Candango Church

candango croppedIn 1956 (when Brasília was only a dream), President Kubitschek gathered together the team that would design the world’s newest city. Oscar Niemeyer was chosen as chief architect, Roberto Burle Marx as landscape designer, and Lúcio Costa as urban planner. After the plans were drawn up, sixty thousand workers (nicknamed “Candangos”) poured in from all over Brazil to clear the fields, pave the streets, and construct the buildings. A mere forty-one months later (on April 21, 1960) the city was inaugurated with much fanfare.

After many speeches of congratulations, 200 jeeps, trucks, tractors began to make their way down the main thoroughfare loaded with hundreds of Candangos. The 150,000 spectators broke into deafening, spontaneous applause. Yes, the city planners had their seats of honor, but the crowd knew that nothing could have been accomplished without the sweat and sacrifice of this legion of laborers. One of Brasília’s principal monuments (pictured) honors these nameless heroes.

Pastors and missionaries receive recognition for their work, but ALL Christians are necessary to the Church’s mission. Countless “unknown” workers are essential to the building up of God’s kingdom. Dan and I saw this recently when we visited a church in Pennsylvania. The pastor was providing excellent leadership, but no one was waiting around for him to do everything.

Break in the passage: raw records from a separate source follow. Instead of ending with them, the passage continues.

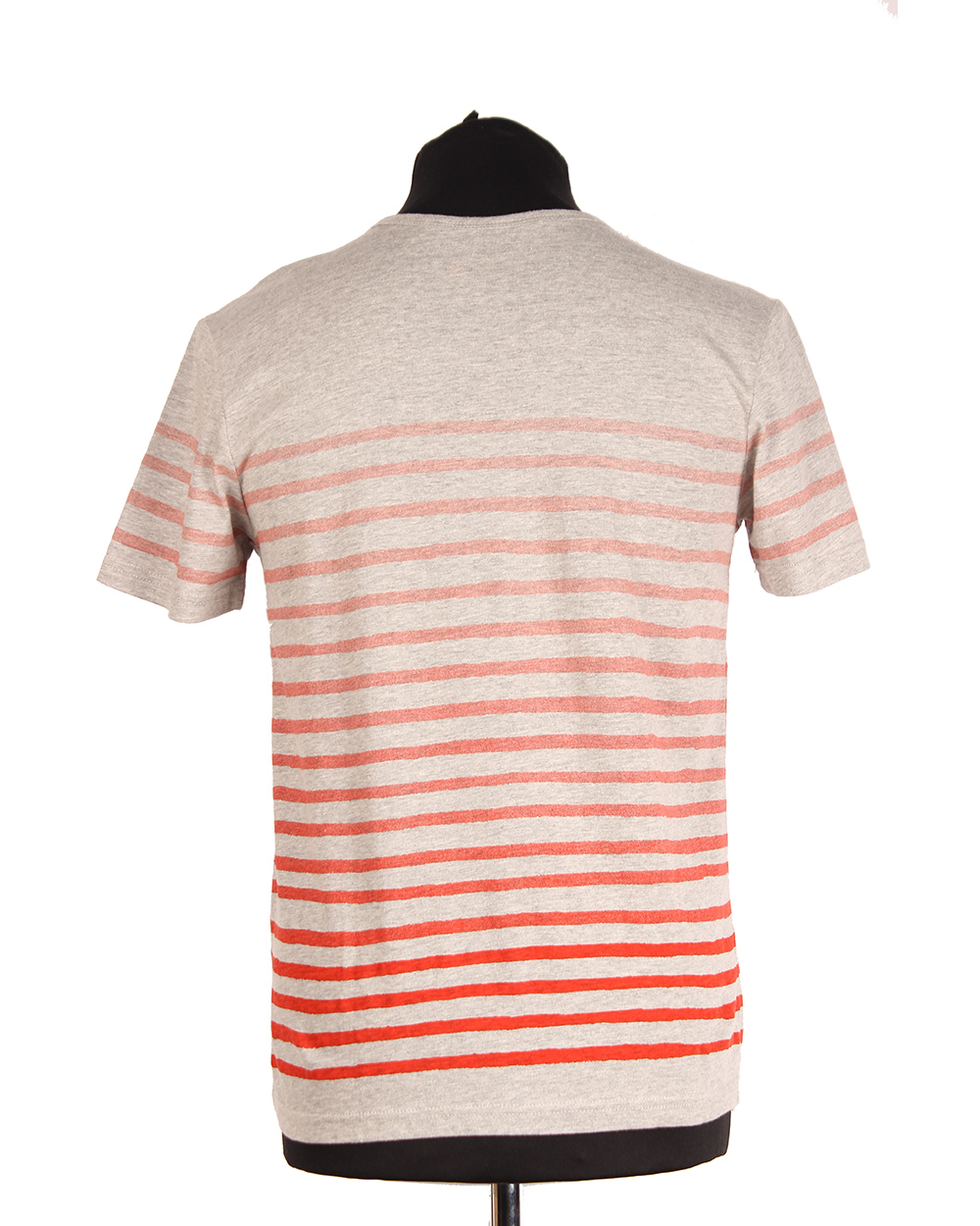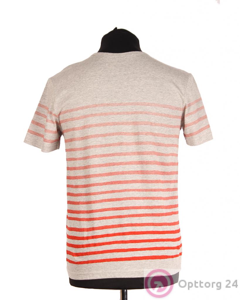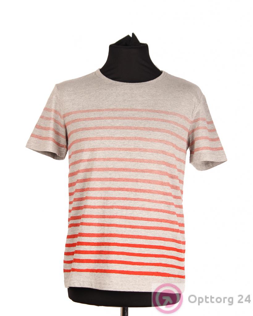 Стильная и комфортная футболка, представлена в цвете серый меланж. По всей модели горизонтальные полоски красного цвета, которые стают более насыщенными сверху вниз. Оптимальный вариант для носки каждый. день. Сток из Англии.
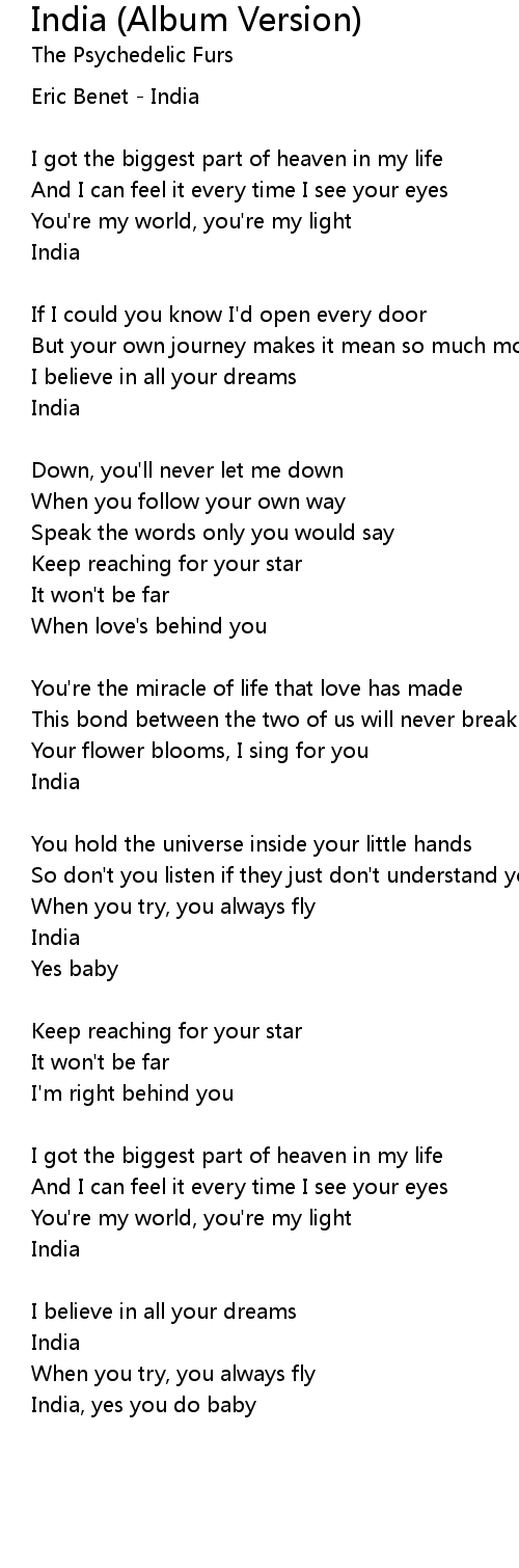 India (Album Version) Lyrics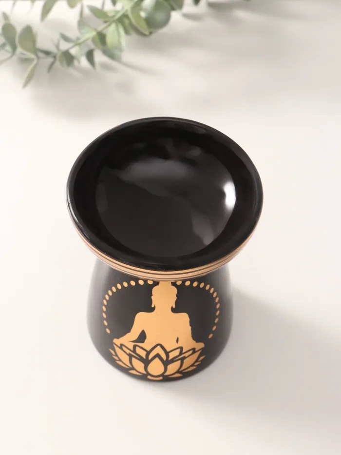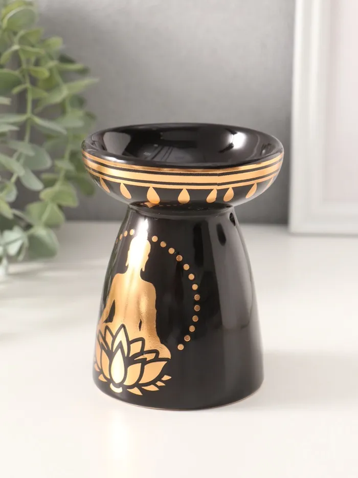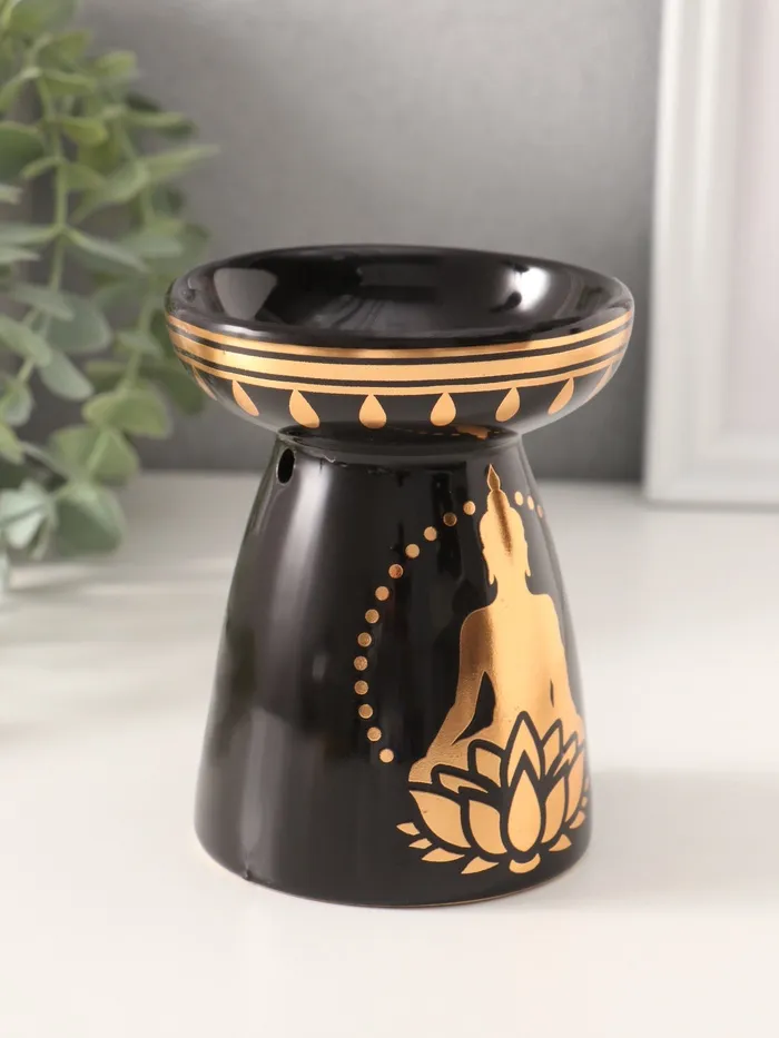 Аромалампа для эфирных масел «Будда и лотос», керамика, чёрная с золотом, 9.3×9.3×11.8 см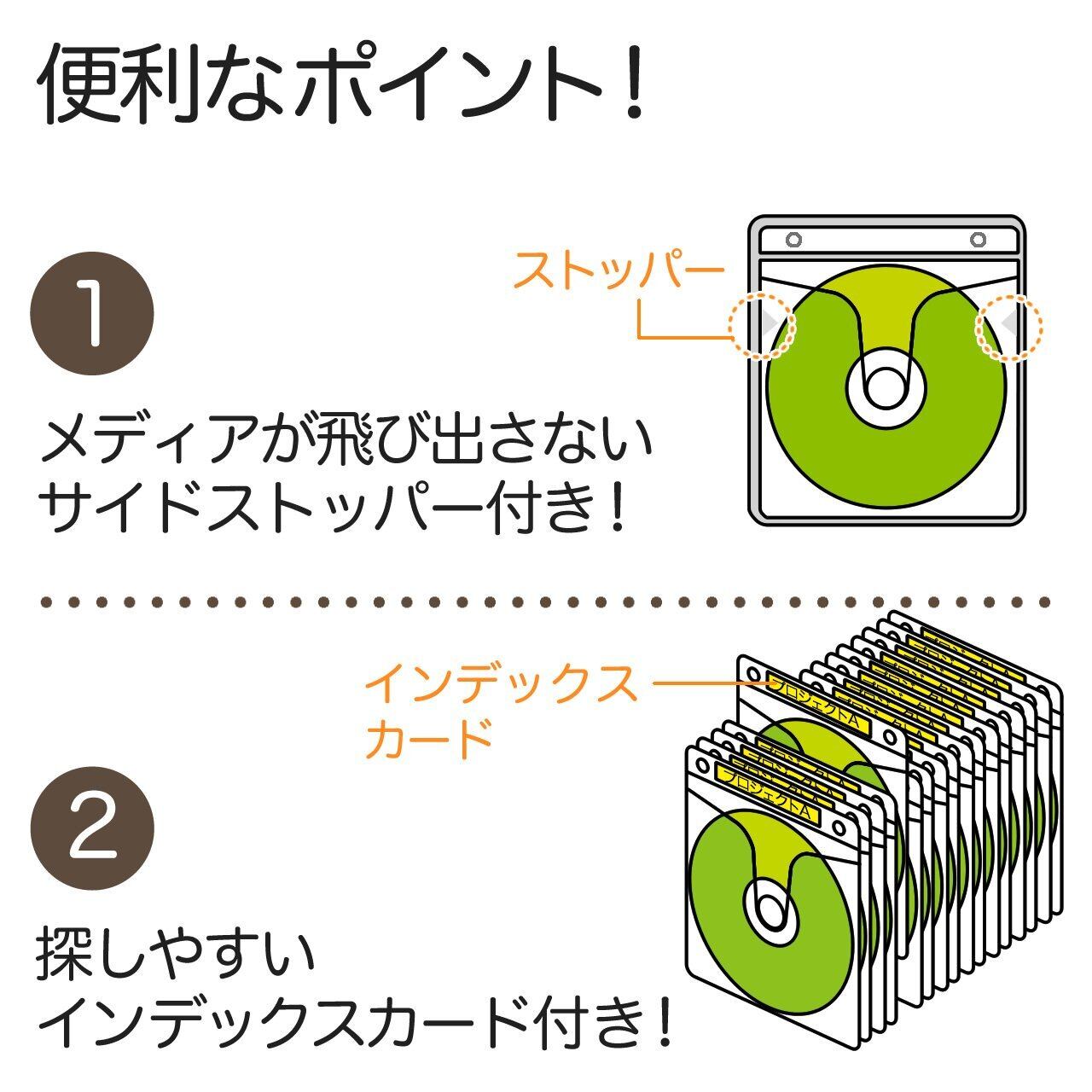検索に便利なインデックスカードがついています。DVD・CDの落下&飛び出し防止用にディスクストッパーが付いています。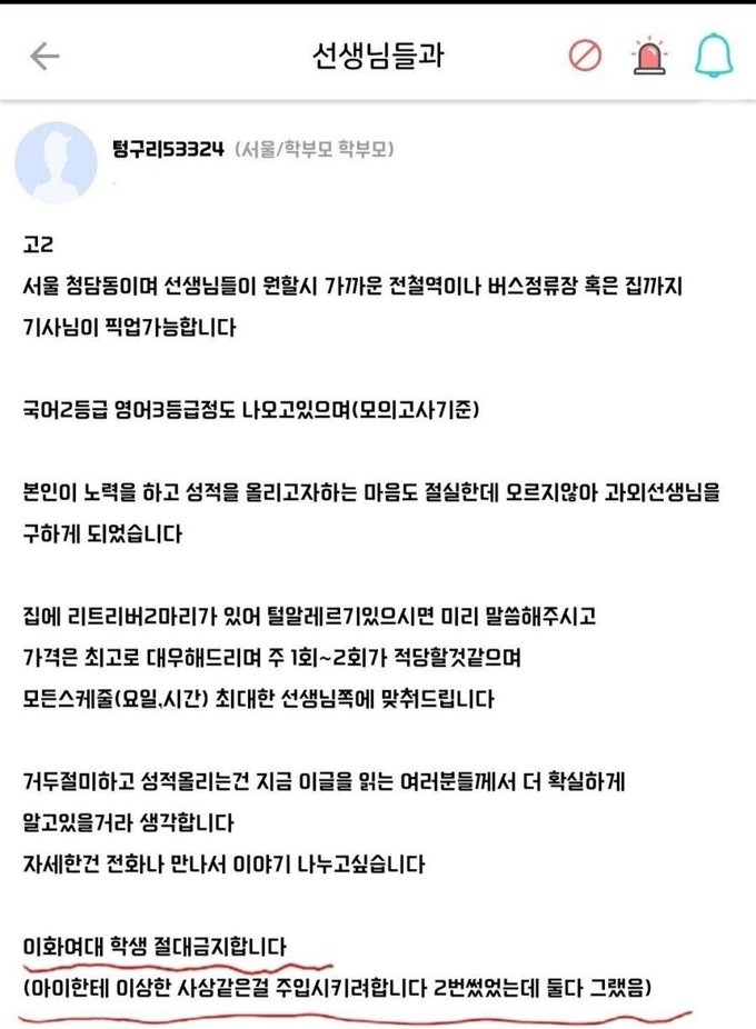그러나 A씨는 마지막 문단에서 “이화여대 학생 절대 금지한다“며 “아이에게 이상한 사상 같은 것을 주입시키려 한다. (과외 선생님을) 2번 썼었는데 둘 다 그랬다”며 특정 여대 학생들의 지원을 원천 봉쇄했다.

One group ministers to the physically handicapped. One group of faithful women keeps the church involved in missions. Another man is fixing the car of his non-Christian friend and inviting him to church events. Another lady uses her culinary gifts to bless others. I felt like standing up to applaud these lesser-known heroes of the faith. They are getting the work done without wasting a lot of time to see who is noticing. May we all be Candangos so that others are blessed and Christ receives the glory.